§ MATERIAL PROVIDED:
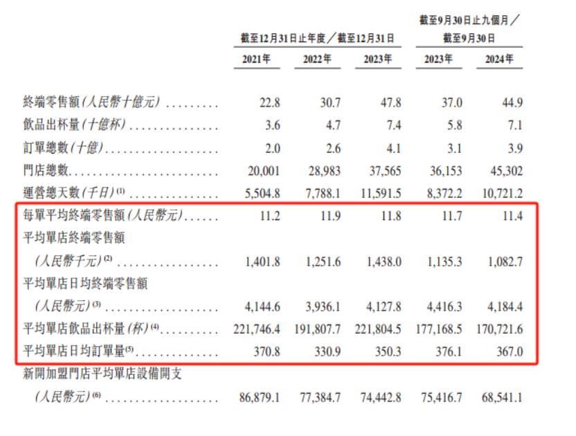 根据最新招股书披露,蜜雪冰城的单店终端零售额从2023年的144万元/年降至2024年前三季度的108万元/年,降幅高达25%。
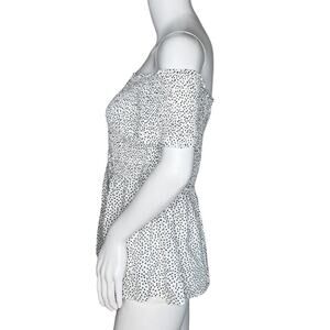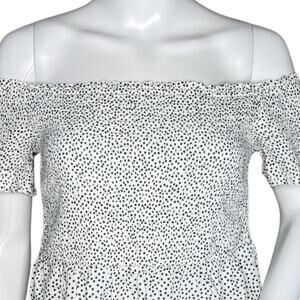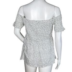 Old Navy Shirt Womens Medium White Polka Dots Off Shoulder Flowy Ruffle Casual
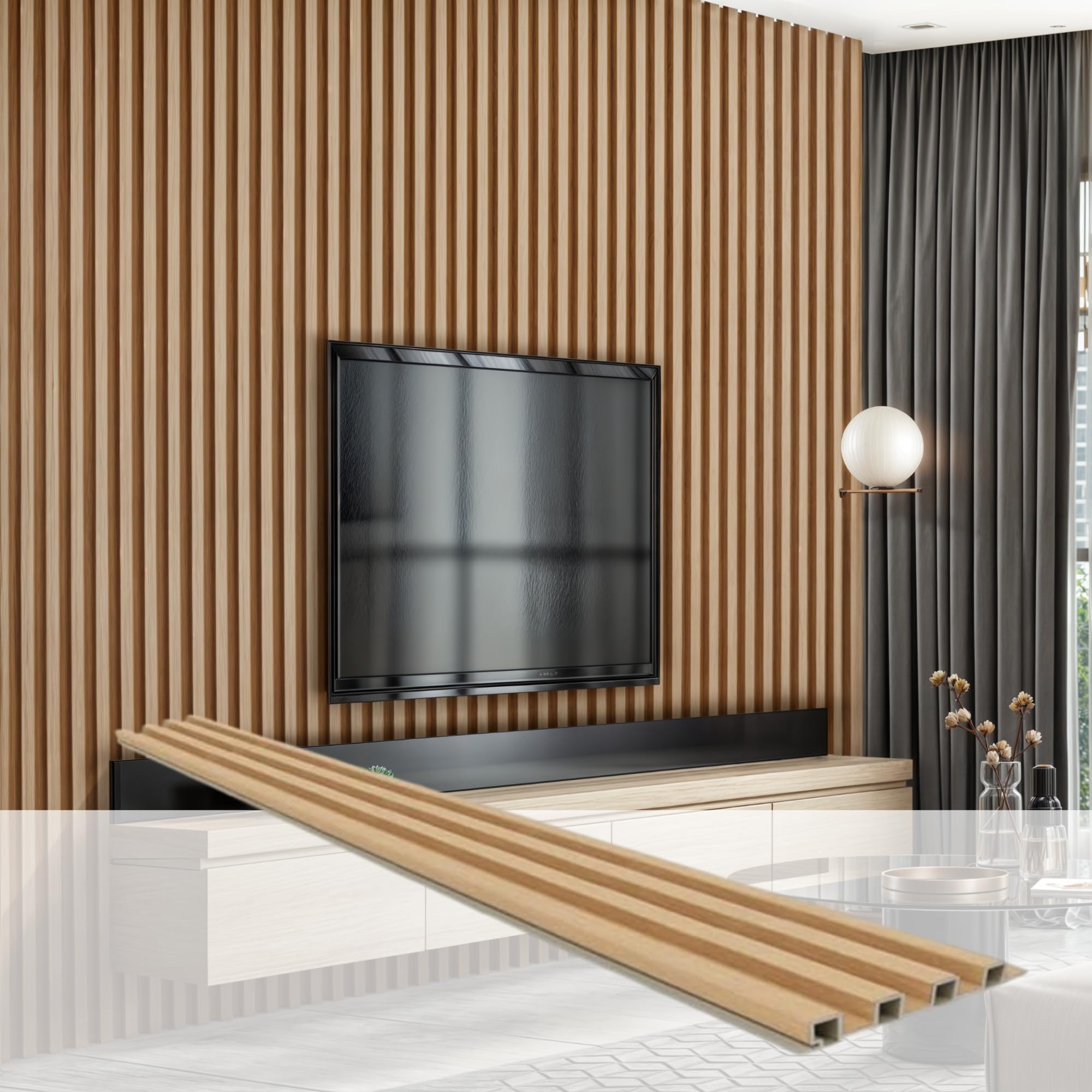 DEKKOR Paquete de 8 paneles acústicos WPC de pared de listones acústicos de 96 x 6 pulgadas, paneles decorativos modernos para fon

§ TASK OBJECTIVE: Exact output of each line above is wanted, without the pictures.

§ OUTPUT BELOW:
 根据最新招股书披露,蜜雪冰城的单店终端零售额从2023年的144万元/年降至2024年前三季度的108万元/年,降幅高达25%。
 Old Navy Shirt Womens Medium White Polka Dots Off Shoulder Flowy Ruffle Casual
 DEKKOR Paquete de 8 paneles acústicos WPC de pared de listones acústicos de 96 x 6 pulgadas, paneles decorativos modernos para fon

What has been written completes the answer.